A new DARPA program would keep antiviral treatments one step ahead.

Reuters/Paulo Whitaker

Vaccines and other antiviral treatments have one overriding, seemingly inescapable problem: since viruses evolve, a solution that works today can be completely useless tomorrow. The researchers at DARPA are convinced this is a solvable problem, however. They've launched an INTERCEPT (Interfering and Co-Evolving Prevention and Therapy) program that aims to create therapies which adapt in sync with the viruses they're meant to thwart. It'll largely revolve around therapeutic interfering particles (TIPs), or tiny slices of protein-shelled DNA that infiltrate cells and compete with viruses for protein shells. Since the particles should be produced faster than viruses, you end up with loads of dud viruses that dramatically reduce the impact of any viral load.
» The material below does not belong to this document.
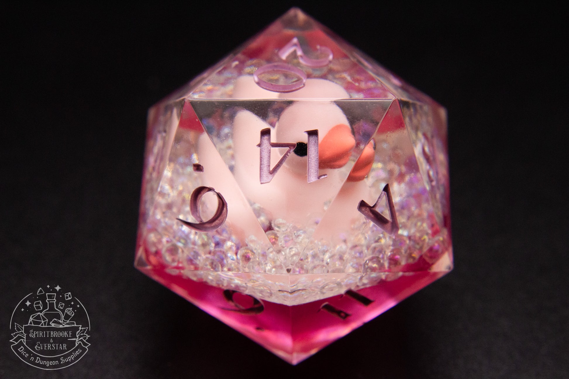 This oversized 35mm D20 features a fun pink ducky floating in pink "water" surrounded by bubbles. Perfect for rubber duck loving people.

Think of it as watering down a stiff drink.

And unlike vaccines, TIPs are likely to keep one step ahead, producing numerous variants. You might only need to develop a particle once; as soon as it starts working, it'll change on its own.

The emphasis, as you can guess, is on "might" -- the program is only just getting off the ground. DARPA and partners first have to develop TIP candidates, conduct long-term tests to prove that they work and refine them through computer models. The proposal process won't even start in earnest until April 28th. If TIPs work as planned, though, they could do a lot to soften the blow of viruses of all kinds, even when they're severe.